#### Task instructions:
Look through the entries below for the line with "Finally dry enough" and the line with "Mr. Barbudo - Spazzola", then give again exactly those two lines and all lines between them, minus the pictures.

(Material for this task Opens)

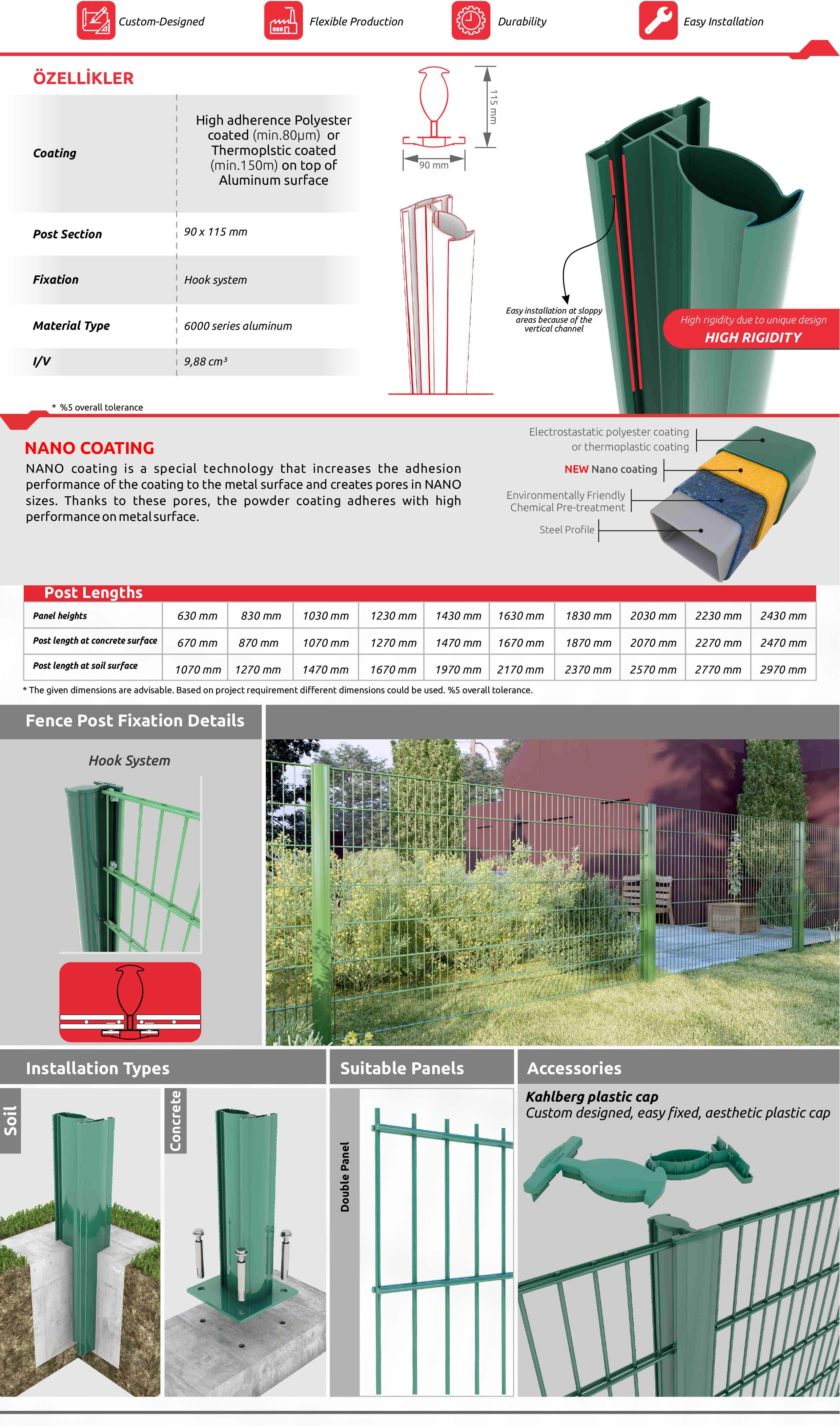 Kahlberg is an ideal fence post especially for construction markets since it is a secure product against interventions and, also easy to install. Prevents the wire from being dismantled from outside since there is no connection, assembly, clipping, screwing and fitting parts on the exterior surface. Fast and easy to install thanks to its unique design. Panels mounted to the posts from inside eliminates any difficulties in respect of installation and occupational safety risks in case of application on sites with higher frontages. Possible to angle and slope the panels during the installation on slopping lands thanks to the flaps on the front face of the posts. Possible to install on any type of graded walls and lands considering the different elevations and grades without the need for any discharging and forms on the post flaps. Posts with flaps and channels, fixed on apparatus or ability to install subsequently, possible to install the system with a single apparatus, need for extra posts and accessories in case of slopping, graded lands.
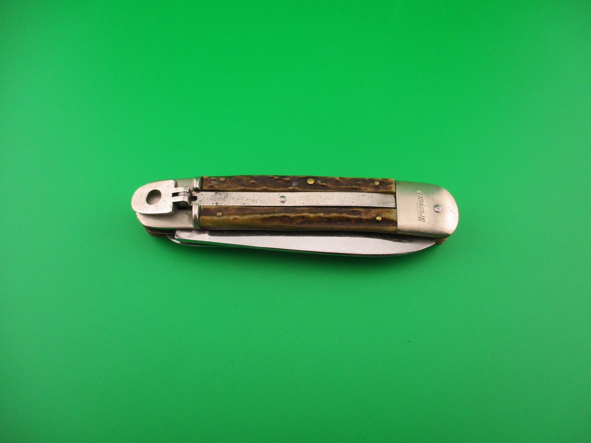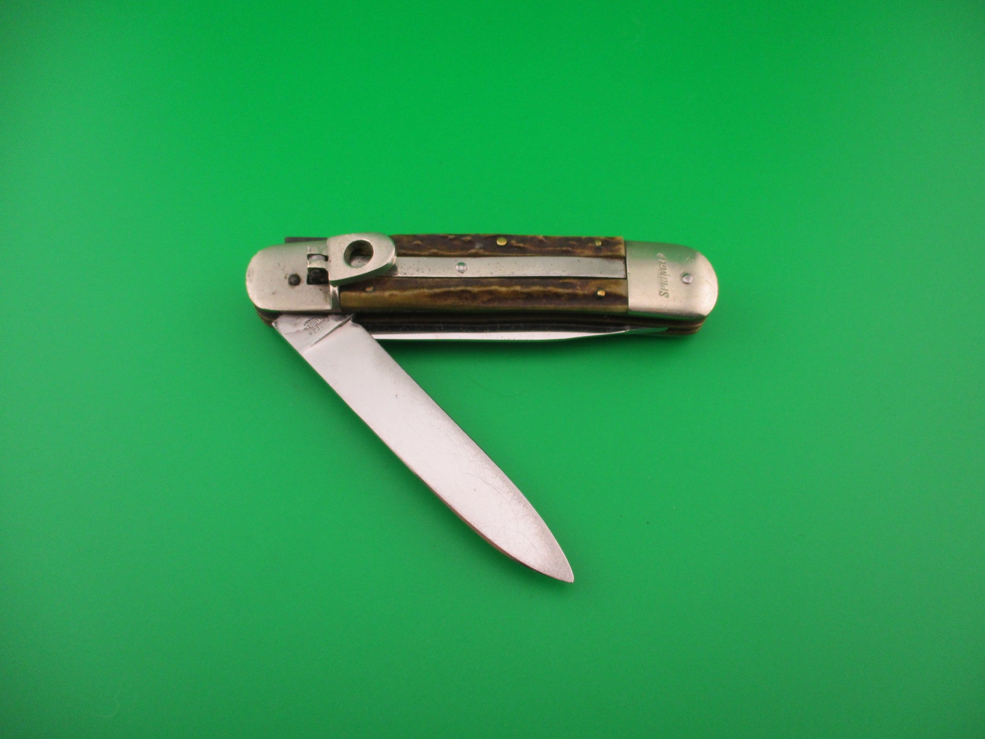Bonsa SOLINGEN GERMANY 11cm German Stag Lever SPRINGER 2 Blade automatic knife
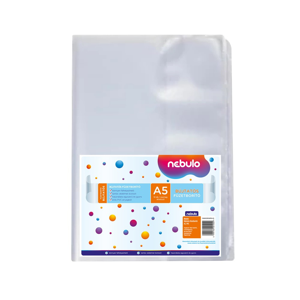 Füzetborító A5, bújtatós, PVC, 10 db/csomag, Nebulo
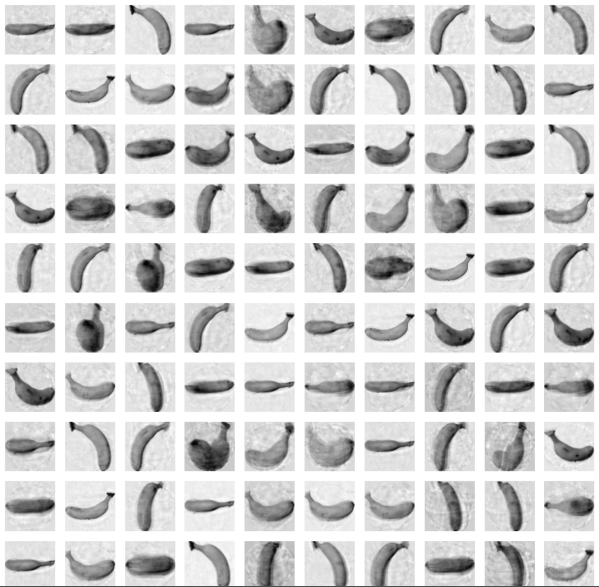 fruits_reconstruct = fruits_inverse.reshape(-1, 100, 100)
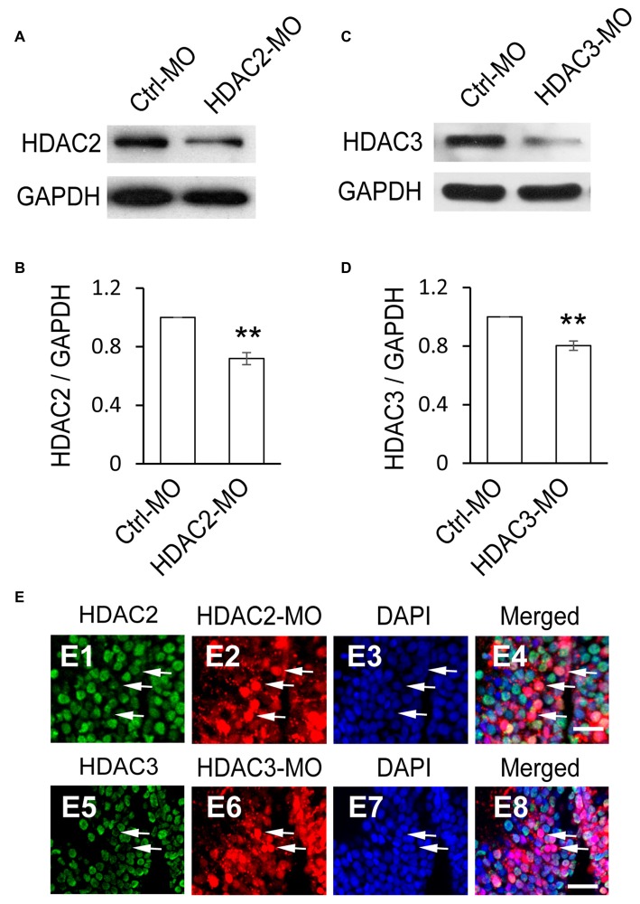 Figure 4. HDAC2 or HDAC3 expression is decreased by HDAC2-MO or HDAC3-MO knockdown. (A) Western blot analysis of homogenates from Ctrl-MO and HDAC2-MO transfected brains using an anti-HDAC2 antibody. (B) Quantification revealed that HDAC2 expression was significantly decreased in the HDAC2-MO transfected tectum compared to controls. (C) Ctrl-MO and HDAC3-MO transfected brain homogenates were compared using an anti-HDAC3 antibody. (D) HDAC3 expression was significantly decreased in the HDAC3-MO tectum. Data is represented as an intensity ratio of HDAC2 or HDAC3 to GAPDH normalized to the control value. Two-tailed T-test, N = 3, **p < 0.01. (E) Representative immunofluorescent staining of HDAC2 at HDAC2-MO-transfected cells (E1âE4) and HDAC3 at HDAC3-MO-transfected cells (E5âE8) in stage 48 tadpoles. Arrows indicate HDAC2/3-MO-transfected RGs stained for HDAC2/3. Scale: 20 μm.
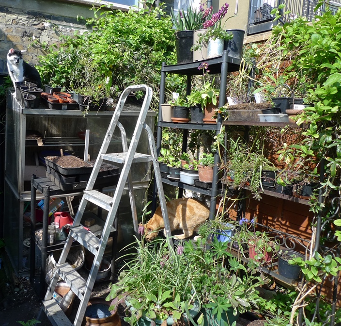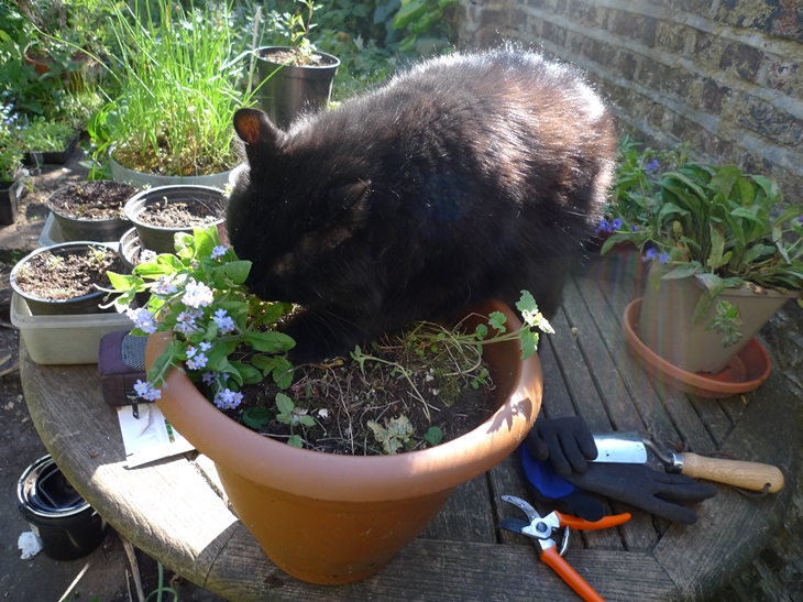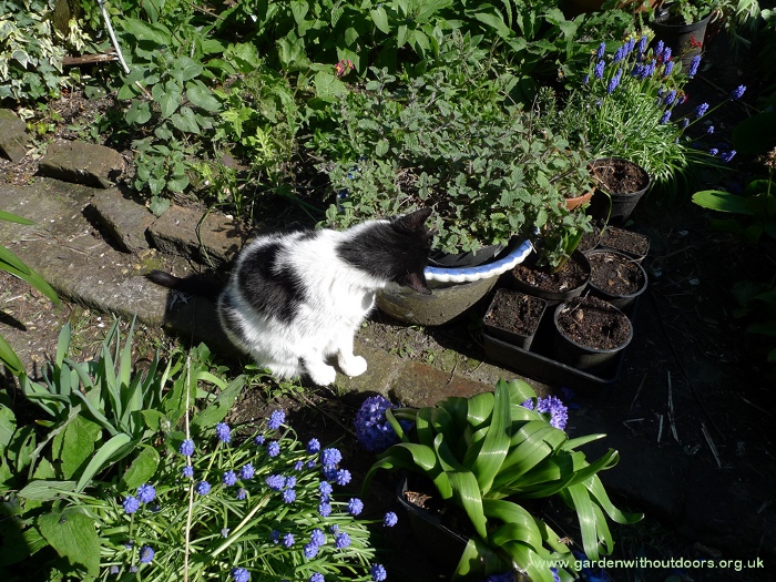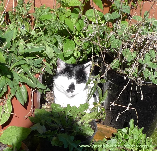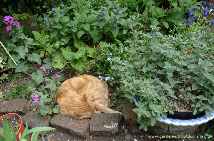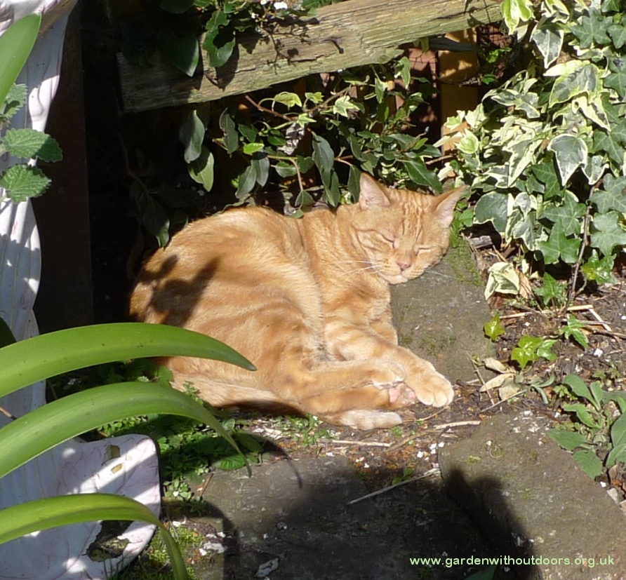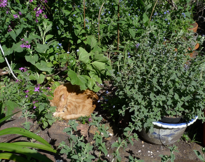 Finally dry enough to be in the garden, 3 of my 4 cats joined me, Victor using a brick for a pillow
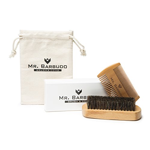 Mr. Barbudo - Spazzola da barba con setole di Cinghiale, con pettine abbinato e astuccio Premium
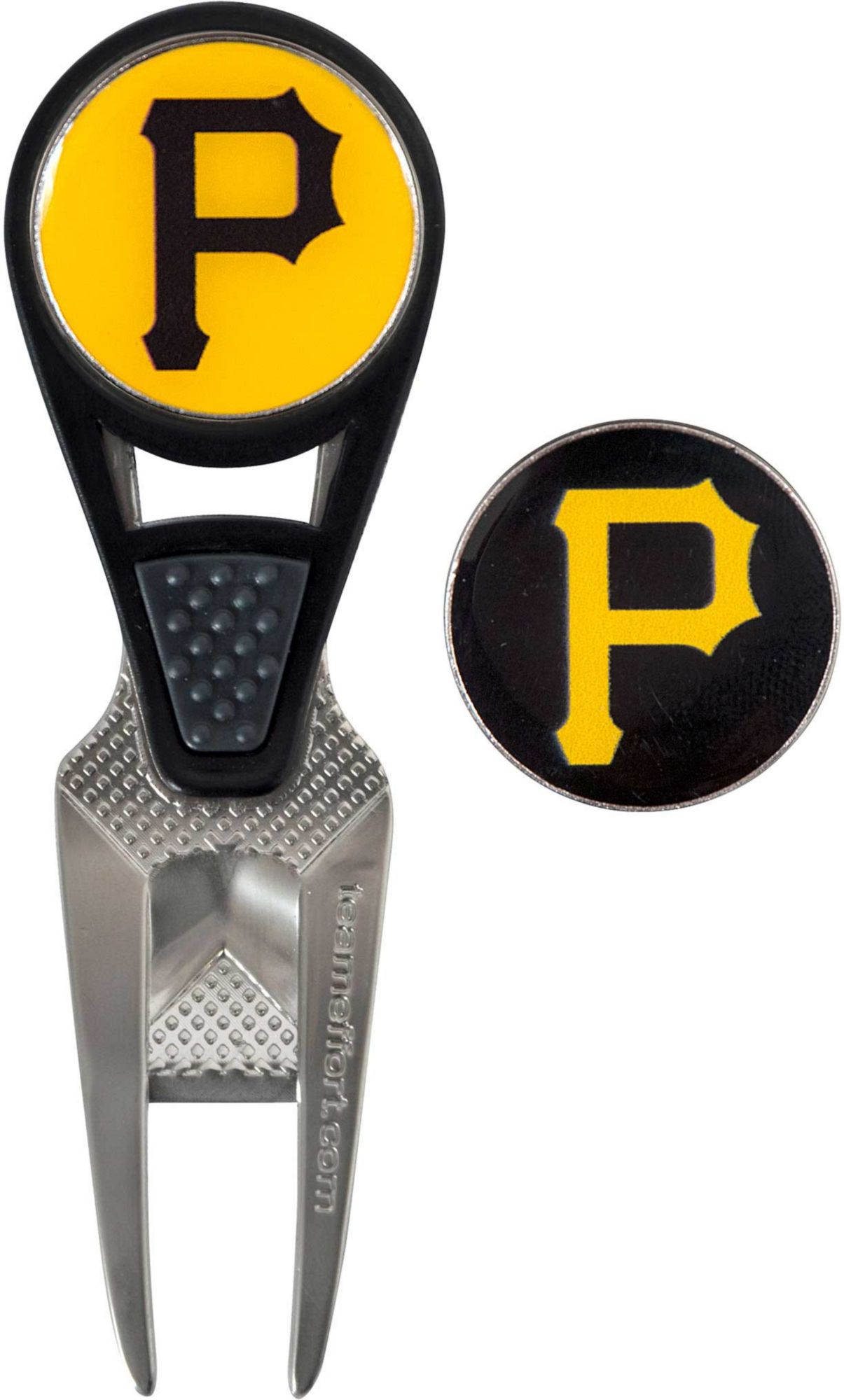 Maintain the green and your sense of Pirates pride with the Team Effort Pittsburgh Pirates CVX Divot Tool and Ball Marker Set. The patented CVX tool features an ergonomic construction, custom contoured rails and a textured thumb indent for maximum comfort during use. Two 25mm, iron stamped ball markers feature team trademarks and sit within the magnetic housing on the front of the tool for at hand convenience. Leave no doubt as to your support for the Pirates with this officially licensed divot tool.

(Material for this task Closes)

#### Expected answer:
 Finally dry enough to be in the garden, 3 of my 4 cats joined me, Victor using a brick for a pillow
 Mr. Barbudo - Spazzola da barba con setole di Cinghiale, con pettine abbinato e astuccio Premium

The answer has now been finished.